Generalizable Embeddings with Cross-batch Metric Learning

TL;DR

This paper introduces a novel perspective on global average pooling in deep metric learning by modeling it as a convex combination of learnable prototypes, enabling better generalization to unseen classes through cross-batch regularization.

Contribution

It formulates GAP as a convex combination of prototypes and develops a recursive learning process that improves generalization across batches in deep metric learning.

Findings

Improved generalization to unseen classes.

Effective regularization via cross-batch prototype fitting.
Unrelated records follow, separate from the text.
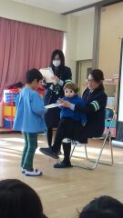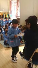 DVD鑑賞の後は、腹話術人形の『けんちゃん』から、年長さんは修了証書を頂きました。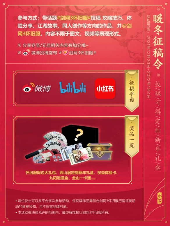 “暖冬征稿令”同步启动!正在微博、B站、小红书分享侠士的逛戏平居、江湖故事,即有机缘掉落西山居定制新年礼盒、权力体验卡、怀旧服周边大礼包等惊喜爱礼!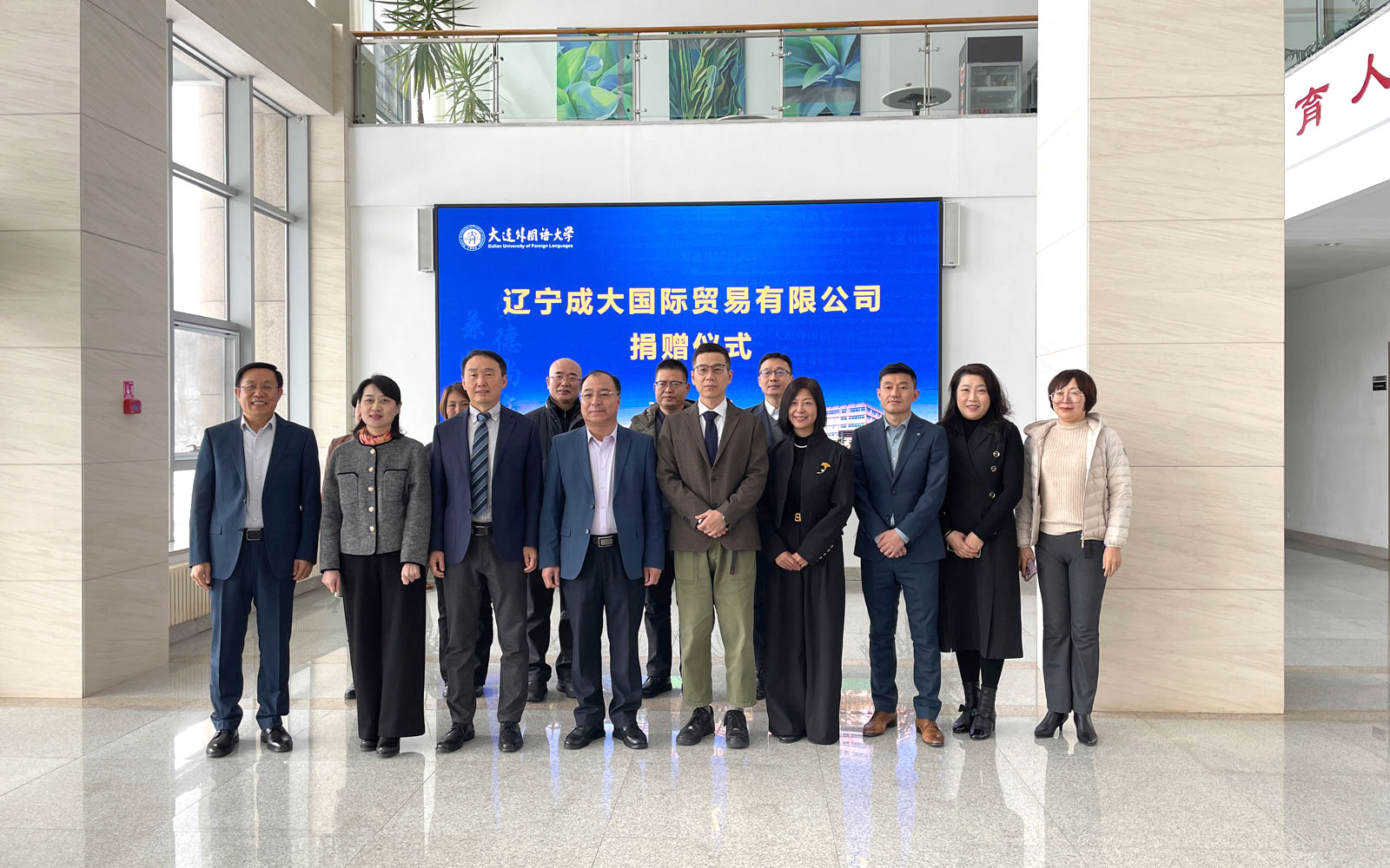 成大國際董事長金春洙、總經(jīng)理高原等一行七人,大外黨委副書記叢明才及相關(guān)部門負責人出席捐贈儀式。儀式由大外校友工作處副處長卞瑩主持。

Validated on 4 popular DML benchmarks.

Abstract

Global average pooling (GAP) is a popular component in deep metric learning (DML) for aggregating features. Its effectiveness is often attributed to treating each feature vector as a distinct semantic entity and GAP as a combination of them. Albeit substantiated, such an explanation's algorithmic implications to learn generalizable entities to represent unseen classes, a crucial DML goal, remain unclear. To address this, we formulate GAP as a convex combination of learnable prototypes. We then show that the prototype learning can be expressed as a recursive process fitting a linear predictor to a batch of samples. Building on that perspective, we consider two batches of disjoint classes at each iteration and regularize the learning by expressing the samples of a batch with the prototypes that are fitted to the other batch. We validate our approach on 4 popular DML benchmarks.